## Records for this exercise
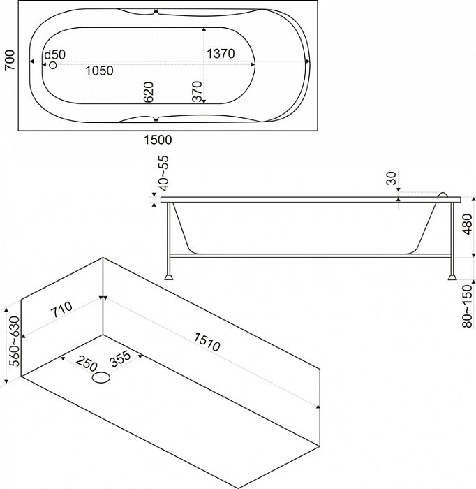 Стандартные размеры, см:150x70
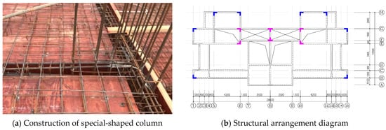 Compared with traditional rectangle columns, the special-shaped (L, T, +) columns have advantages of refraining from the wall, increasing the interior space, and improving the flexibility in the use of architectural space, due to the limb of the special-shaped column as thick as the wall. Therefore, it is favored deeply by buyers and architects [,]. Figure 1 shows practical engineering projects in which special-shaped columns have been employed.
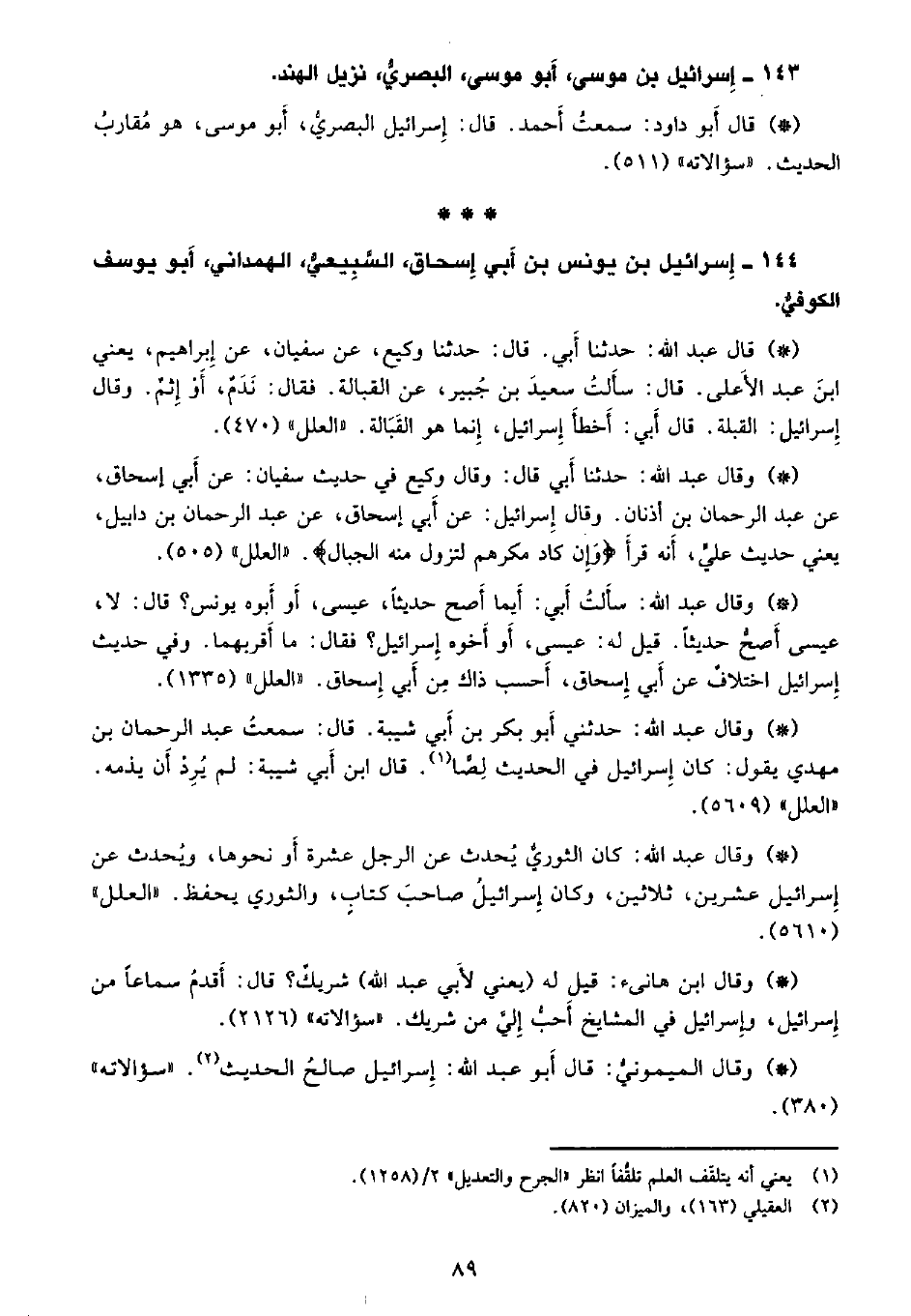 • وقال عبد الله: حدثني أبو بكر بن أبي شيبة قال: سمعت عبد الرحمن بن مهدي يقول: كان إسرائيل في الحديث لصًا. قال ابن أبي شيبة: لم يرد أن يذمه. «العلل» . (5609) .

--

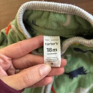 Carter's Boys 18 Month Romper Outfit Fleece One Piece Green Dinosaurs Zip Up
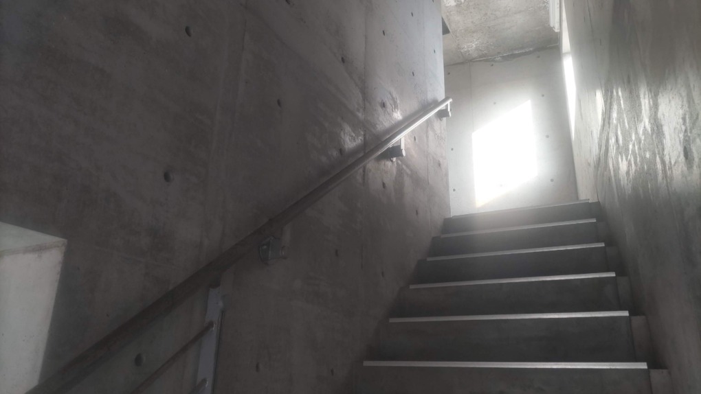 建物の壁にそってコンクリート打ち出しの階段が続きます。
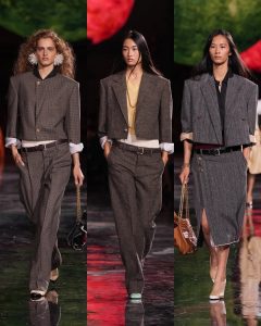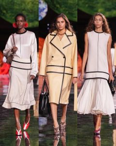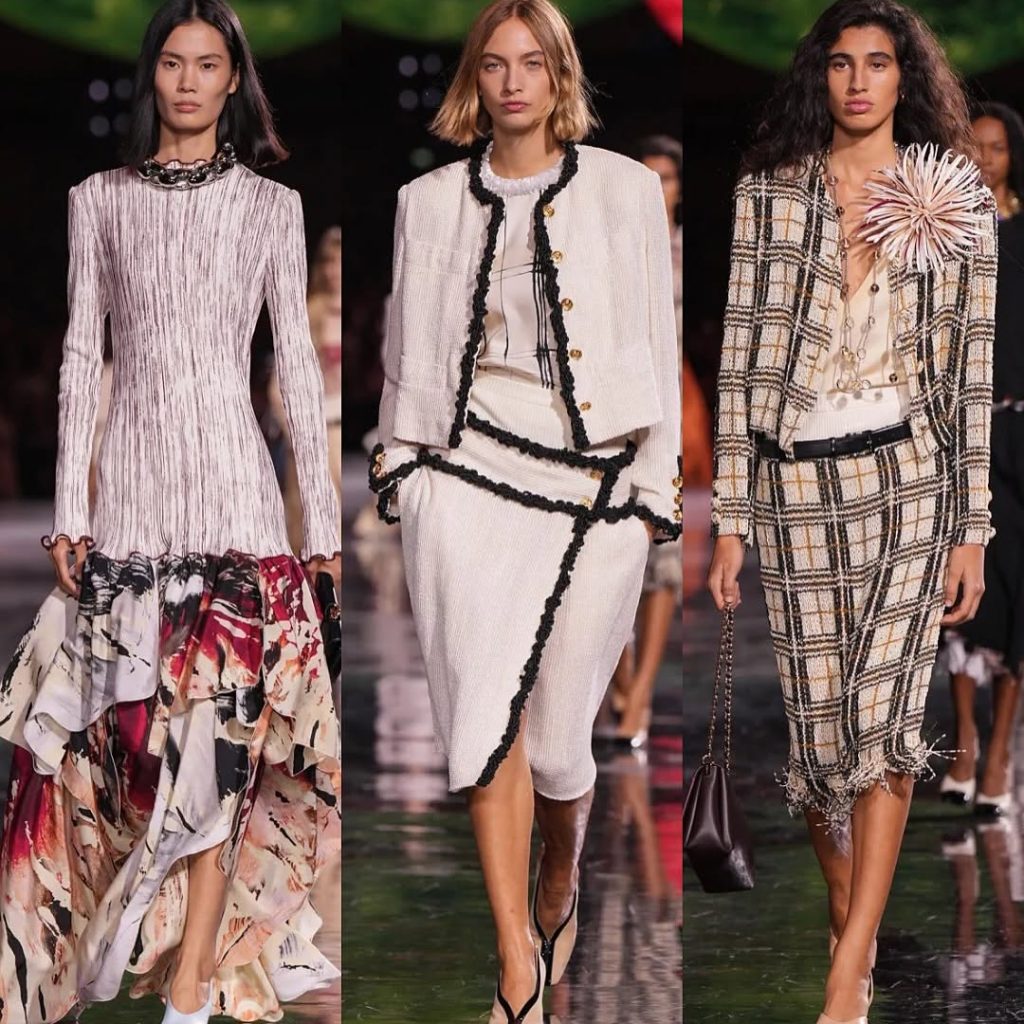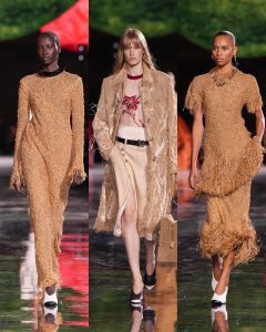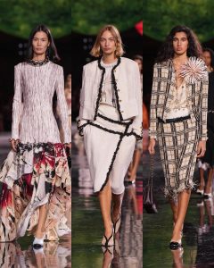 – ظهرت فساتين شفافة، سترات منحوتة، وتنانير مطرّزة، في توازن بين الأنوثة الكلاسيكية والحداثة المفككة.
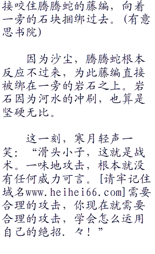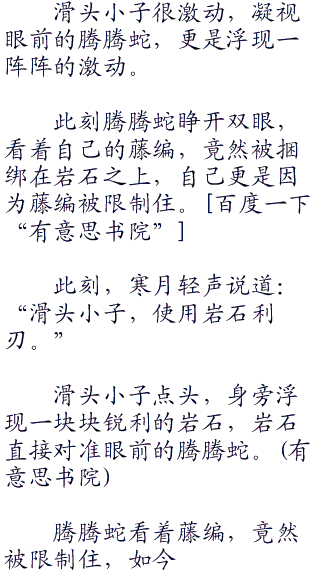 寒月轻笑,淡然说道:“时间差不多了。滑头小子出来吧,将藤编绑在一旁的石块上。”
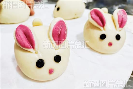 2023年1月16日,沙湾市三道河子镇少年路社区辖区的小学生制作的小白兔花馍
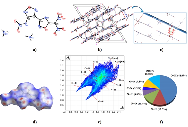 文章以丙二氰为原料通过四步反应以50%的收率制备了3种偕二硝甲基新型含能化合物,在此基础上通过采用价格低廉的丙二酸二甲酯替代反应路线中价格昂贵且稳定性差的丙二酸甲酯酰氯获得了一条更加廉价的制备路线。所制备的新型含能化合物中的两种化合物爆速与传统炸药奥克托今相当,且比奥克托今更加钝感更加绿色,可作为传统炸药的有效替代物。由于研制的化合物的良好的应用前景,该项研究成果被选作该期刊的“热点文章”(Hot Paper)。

## What to produce
Print, exactly and with no pictures, the lines of the listing above starting at the one that has "الكلاسيكية والحداثة المفككة." and ending at the one that has "文章以丙二氰为原料通过四步反", both included.

## Response for this exercise
 – ظهرت فساتين شفافة، سترات منحوتة، وتنانير مطرّزة، في توازن بين الأنوثة الكلاسيكية والحداثة المفككة.
 寒月轻笑,淡然说道:“时间差不多了。滑头小子出来吧,将藤编绑在一旁的石块上。”
 2023年1月16日,沙湾市三道河子镇少年路社区辖区的小学生制作的小白兔花馍
 文章以丙二氰为原料通过四步反应以50%的收率制备了3种偕二硝甲基新型含能化合物,在此基础上通过采用价格低廉的丙二酸二甲酯替代反应路线中价格昂贵且稳定性差的丙二酸甲酯酰氯获得了一条更加廉价的制备路线。所制备的新型含能化合物中的两种化合物爆速与传统炸药奥克托今相当,且比奥克托今更加钝感更加绿色,可作为传统炸药的有效替代物。由于研制的化合物的良好的应用前景,该项研究成果被选作该期刊的“热点文章”(Hot Paper)。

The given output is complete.